* _The problem_: From the listing below, output the lines between the one with "objektiv opremljen IS." and the one with "The inserts are", including those two, and nothing else. Pictures are not copied.

* _Material for this exercise_:
* * * * * * *
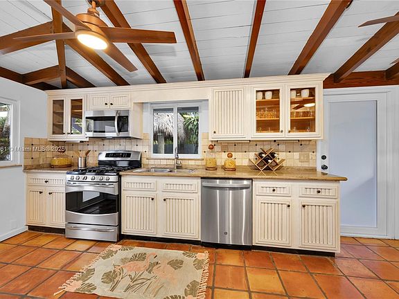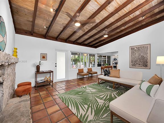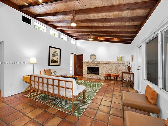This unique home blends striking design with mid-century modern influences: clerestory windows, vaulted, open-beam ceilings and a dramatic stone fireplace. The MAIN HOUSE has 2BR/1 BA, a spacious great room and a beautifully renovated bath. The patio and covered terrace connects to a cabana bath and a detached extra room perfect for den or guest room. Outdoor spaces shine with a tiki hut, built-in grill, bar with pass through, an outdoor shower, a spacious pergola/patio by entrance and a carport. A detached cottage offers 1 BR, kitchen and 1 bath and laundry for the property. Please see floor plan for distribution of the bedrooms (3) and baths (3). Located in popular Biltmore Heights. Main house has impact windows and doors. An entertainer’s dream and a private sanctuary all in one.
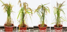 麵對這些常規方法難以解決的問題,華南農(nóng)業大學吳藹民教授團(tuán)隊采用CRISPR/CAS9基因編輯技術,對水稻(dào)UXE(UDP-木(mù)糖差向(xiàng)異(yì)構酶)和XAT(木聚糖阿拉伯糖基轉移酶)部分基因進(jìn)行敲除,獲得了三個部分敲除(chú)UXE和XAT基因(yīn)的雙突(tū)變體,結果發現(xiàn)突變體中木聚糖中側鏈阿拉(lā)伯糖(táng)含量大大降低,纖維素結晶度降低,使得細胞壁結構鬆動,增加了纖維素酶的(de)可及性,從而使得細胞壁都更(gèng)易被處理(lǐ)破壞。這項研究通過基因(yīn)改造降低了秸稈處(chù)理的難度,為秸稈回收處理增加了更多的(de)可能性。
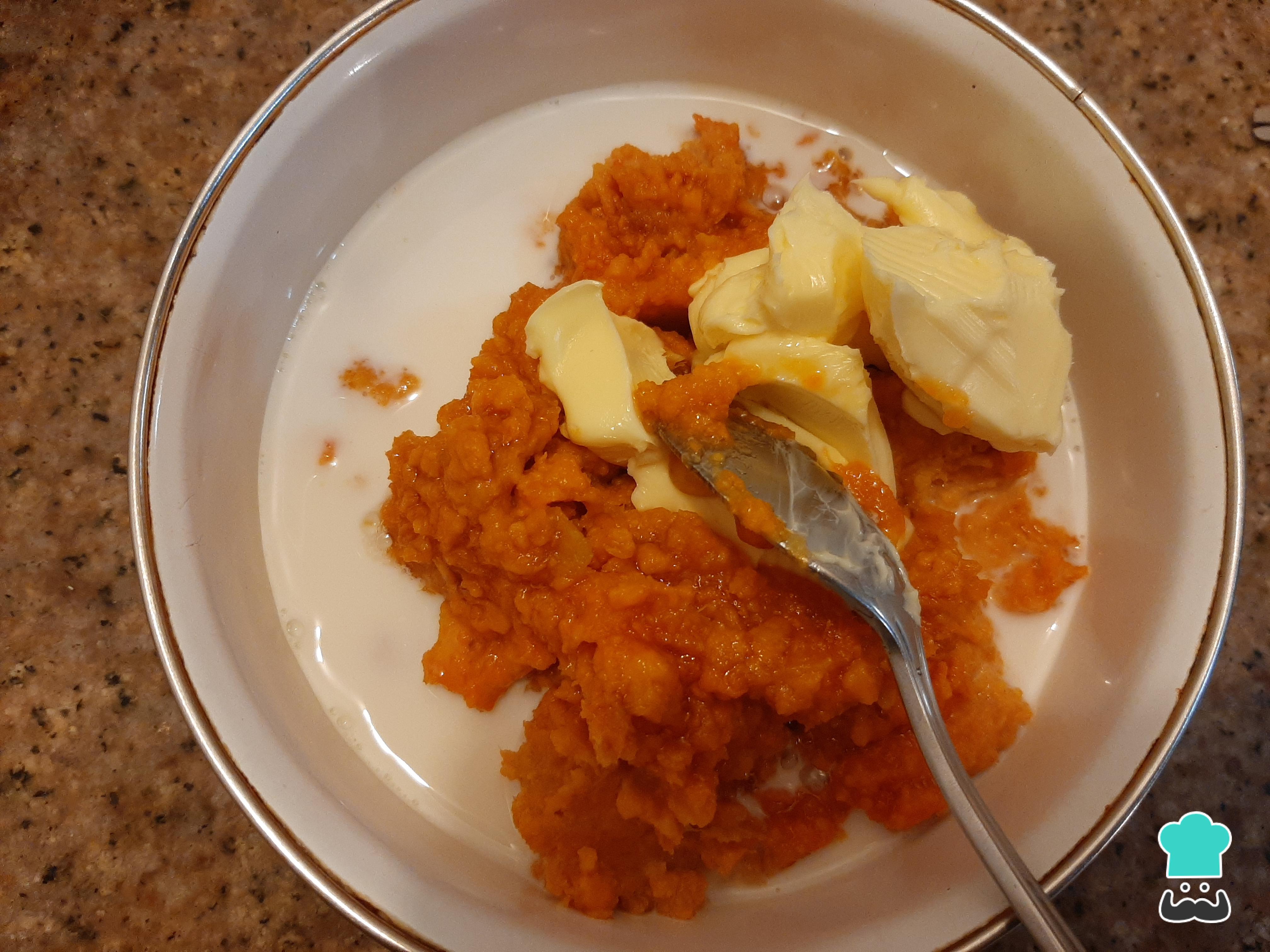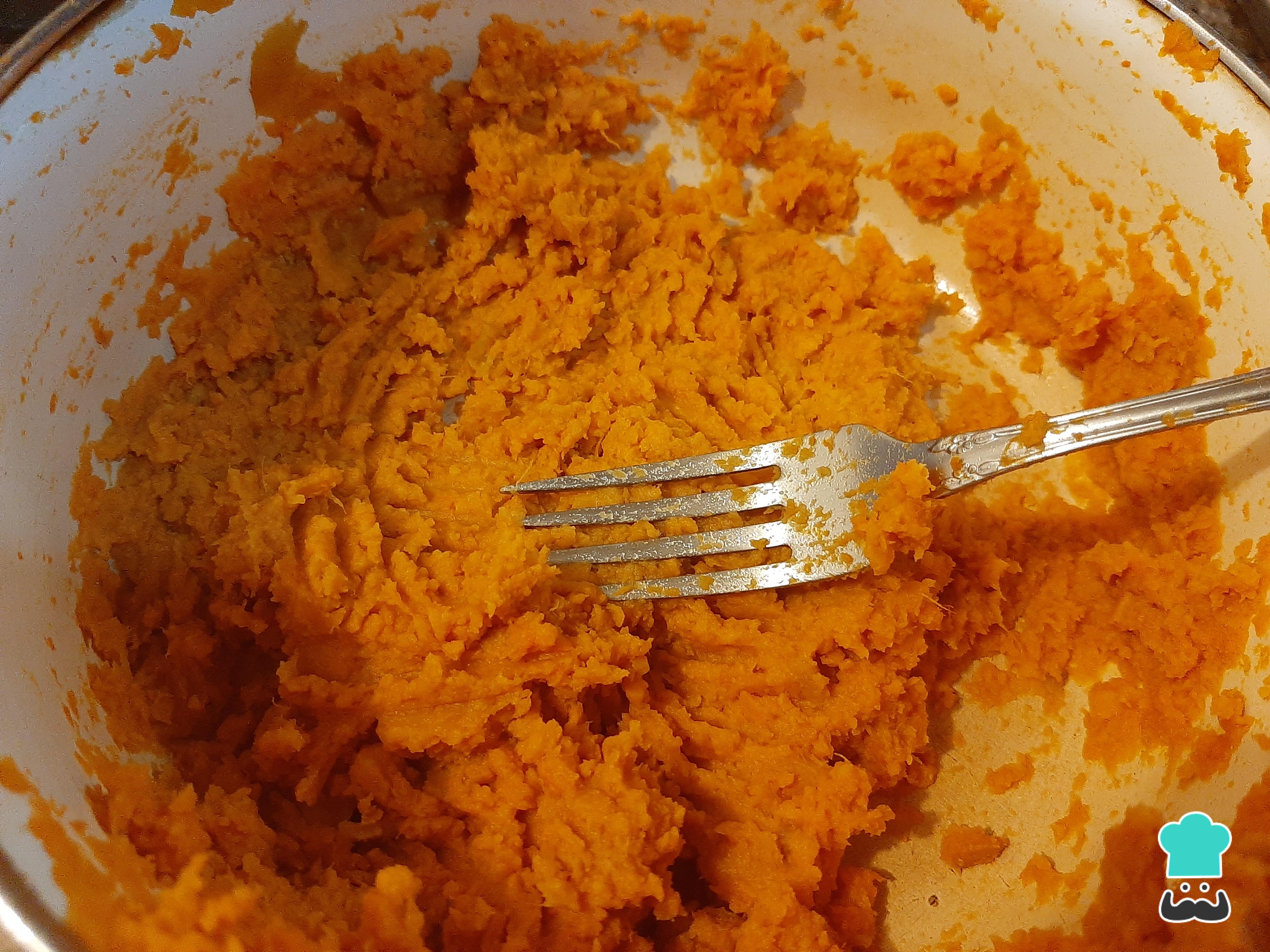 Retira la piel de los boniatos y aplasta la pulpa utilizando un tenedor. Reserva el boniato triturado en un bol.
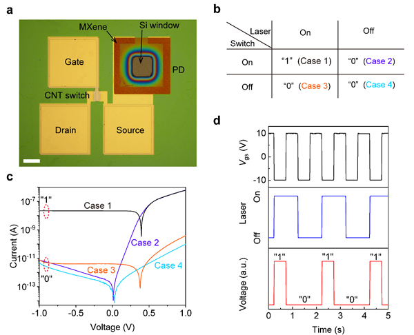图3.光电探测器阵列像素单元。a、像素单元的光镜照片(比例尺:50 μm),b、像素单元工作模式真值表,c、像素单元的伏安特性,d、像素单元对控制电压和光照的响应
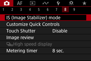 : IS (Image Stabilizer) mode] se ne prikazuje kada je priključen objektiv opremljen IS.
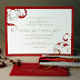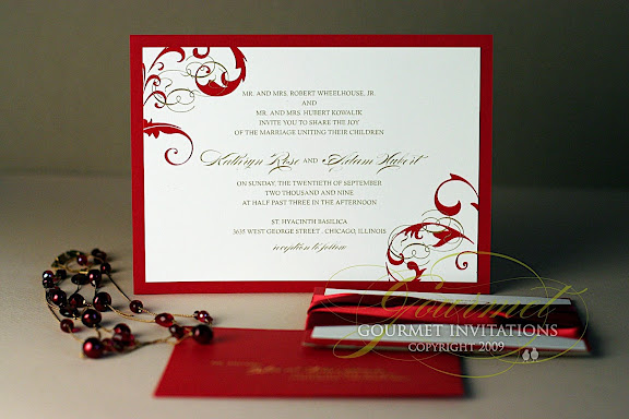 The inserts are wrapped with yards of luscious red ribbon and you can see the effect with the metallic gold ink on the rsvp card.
* * * * * * *
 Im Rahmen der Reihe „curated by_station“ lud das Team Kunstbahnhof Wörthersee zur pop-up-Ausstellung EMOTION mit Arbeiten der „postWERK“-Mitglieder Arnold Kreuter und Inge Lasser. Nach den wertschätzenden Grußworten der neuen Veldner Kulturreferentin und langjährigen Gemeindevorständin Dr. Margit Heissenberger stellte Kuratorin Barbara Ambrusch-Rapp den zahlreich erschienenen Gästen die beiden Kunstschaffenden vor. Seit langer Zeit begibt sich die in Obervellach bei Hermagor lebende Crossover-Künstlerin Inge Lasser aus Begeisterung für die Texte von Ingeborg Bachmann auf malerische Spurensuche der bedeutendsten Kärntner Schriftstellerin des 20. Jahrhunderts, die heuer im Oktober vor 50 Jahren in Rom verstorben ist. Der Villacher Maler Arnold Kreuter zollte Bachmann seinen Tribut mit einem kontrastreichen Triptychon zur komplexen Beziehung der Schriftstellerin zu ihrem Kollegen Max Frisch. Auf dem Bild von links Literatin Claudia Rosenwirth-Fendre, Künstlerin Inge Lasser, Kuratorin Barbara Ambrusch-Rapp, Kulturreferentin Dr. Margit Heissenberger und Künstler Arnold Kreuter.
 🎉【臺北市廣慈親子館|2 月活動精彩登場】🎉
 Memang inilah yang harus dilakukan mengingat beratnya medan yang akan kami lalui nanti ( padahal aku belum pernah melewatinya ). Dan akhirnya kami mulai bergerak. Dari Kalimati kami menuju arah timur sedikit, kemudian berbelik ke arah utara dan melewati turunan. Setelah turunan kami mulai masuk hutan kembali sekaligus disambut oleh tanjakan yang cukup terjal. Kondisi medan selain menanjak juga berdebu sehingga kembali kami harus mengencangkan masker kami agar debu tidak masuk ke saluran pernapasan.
* * * * * * *
* _Task response_:
 : IS (Image Stabilizer) mode] se ne prikazuje kada je priključen objektiv opremljen IS.
 The inserts are wrapped with yards of luscious red ribbon and you can see the effect with the metallic gold ink on the rsvp card.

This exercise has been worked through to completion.